Consider astronomy. It used to be that if you had some cheap army surplus binoculars, you could go along to your local astronomy society and discuss what you’d seen of the moon, the planets and some of the brighter objects in the Messier catalogue. Then, with the introduction of the charge-coupled detector, the tankard brigade arrived in force. Now people will swap photos constructed from multiple hundreds of exposures through different narrow-band filters, taken with their large reflecting telescopes with computer-controlled star drives and the latest in CCDs (all probably permanently housed in purpose-built observatories in their gardens). No multi-thousand-dollar telescope (perhaps even no garden)? Nothing to discuss.

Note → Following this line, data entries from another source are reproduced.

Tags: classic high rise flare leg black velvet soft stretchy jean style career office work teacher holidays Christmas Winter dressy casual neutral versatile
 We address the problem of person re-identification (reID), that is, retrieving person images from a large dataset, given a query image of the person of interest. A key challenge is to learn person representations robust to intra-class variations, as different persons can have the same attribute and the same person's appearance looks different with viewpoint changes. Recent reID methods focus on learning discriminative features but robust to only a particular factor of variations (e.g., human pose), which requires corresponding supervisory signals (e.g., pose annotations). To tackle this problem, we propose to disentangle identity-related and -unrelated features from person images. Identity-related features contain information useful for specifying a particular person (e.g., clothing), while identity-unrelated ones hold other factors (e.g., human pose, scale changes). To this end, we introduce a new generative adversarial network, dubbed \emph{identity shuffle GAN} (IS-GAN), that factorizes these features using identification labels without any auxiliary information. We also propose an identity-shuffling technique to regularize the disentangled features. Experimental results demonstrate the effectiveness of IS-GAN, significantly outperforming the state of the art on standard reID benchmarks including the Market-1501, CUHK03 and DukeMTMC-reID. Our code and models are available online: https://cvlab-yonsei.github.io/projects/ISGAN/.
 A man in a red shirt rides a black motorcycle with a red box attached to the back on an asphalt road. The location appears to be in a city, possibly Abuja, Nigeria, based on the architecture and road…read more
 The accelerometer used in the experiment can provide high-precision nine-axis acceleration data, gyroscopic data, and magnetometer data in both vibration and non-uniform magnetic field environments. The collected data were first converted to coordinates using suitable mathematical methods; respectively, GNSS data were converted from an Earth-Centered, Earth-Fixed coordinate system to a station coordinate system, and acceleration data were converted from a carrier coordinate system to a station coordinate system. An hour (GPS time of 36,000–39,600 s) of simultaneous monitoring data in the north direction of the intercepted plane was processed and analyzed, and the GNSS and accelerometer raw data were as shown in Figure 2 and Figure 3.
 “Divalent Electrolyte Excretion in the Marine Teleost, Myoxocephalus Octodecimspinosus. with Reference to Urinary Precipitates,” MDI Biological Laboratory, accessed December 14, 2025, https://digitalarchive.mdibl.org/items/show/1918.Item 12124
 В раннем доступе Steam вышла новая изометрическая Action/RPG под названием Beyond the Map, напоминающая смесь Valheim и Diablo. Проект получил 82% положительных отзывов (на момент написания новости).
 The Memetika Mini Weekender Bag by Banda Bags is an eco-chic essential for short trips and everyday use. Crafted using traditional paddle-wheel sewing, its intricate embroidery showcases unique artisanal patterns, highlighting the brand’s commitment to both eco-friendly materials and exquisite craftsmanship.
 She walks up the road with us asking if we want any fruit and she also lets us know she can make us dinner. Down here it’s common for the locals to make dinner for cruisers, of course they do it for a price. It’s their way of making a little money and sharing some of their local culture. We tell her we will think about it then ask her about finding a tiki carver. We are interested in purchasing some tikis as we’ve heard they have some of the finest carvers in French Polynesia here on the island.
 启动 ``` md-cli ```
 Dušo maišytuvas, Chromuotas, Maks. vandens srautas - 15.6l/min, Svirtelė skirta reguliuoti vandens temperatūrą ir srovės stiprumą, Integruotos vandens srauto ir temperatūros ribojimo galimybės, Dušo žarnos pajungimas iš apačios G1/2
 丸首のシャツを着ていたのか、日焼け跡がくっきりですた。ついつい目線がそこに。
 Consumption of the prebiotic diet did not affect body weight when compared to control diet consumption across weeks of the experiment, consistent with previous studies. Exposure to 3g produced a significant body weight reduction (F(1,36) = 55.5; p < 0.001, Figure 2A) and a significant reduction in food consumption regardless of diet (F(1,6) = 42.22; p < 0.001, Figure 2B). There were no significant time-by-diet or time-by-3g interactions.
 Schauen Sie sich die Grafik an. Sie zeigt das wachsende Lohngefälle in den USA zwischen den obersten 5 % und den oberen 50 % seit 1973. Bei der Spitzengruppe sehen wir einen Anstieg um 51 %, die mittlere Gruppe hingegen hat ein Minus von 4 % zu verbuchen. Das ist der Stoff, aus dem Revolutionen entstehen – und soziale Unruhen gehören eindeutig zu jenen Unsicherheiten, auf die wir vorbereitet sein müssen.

In some circles, folk music can have a more practice-driven ratchet system. The British folk revival of the 1970s brought with it literal men with actual beards and genuine tankards who defined what folk singing was (in apparent contradiction to the idea that it should be up to the folk to decide). Now there exist folk clubs where unless you have that certain nasal folkier-than-thou timbre in your voice and practiced wobbly delivery, and unless you can remember all of the words to all twelve verses without recourse to the book, you probably shouldn’t take part.

All of this leads me to my questions. As a programmer, which of the practices I participate in are pragmatic, which necessary, and which informed by the ratchet of the men with beards and tankards? How much of what we do is determined by what others do, and must be seen to be done before we can claim we’re doing it right?

And which things? Is it the runaway complexity of type systems that’s the ratchet, or the insistence of programming without the safety net at all in a dynamic language? Or both?

My naive guess is that tankardism manifests where unnecessarily highfalutin words are deployed, like ‘paradigm’ for ‘style’ or ‘methodology’ for ‘method’. And yes, that sentence was deliberately unnecessarily highfalutin.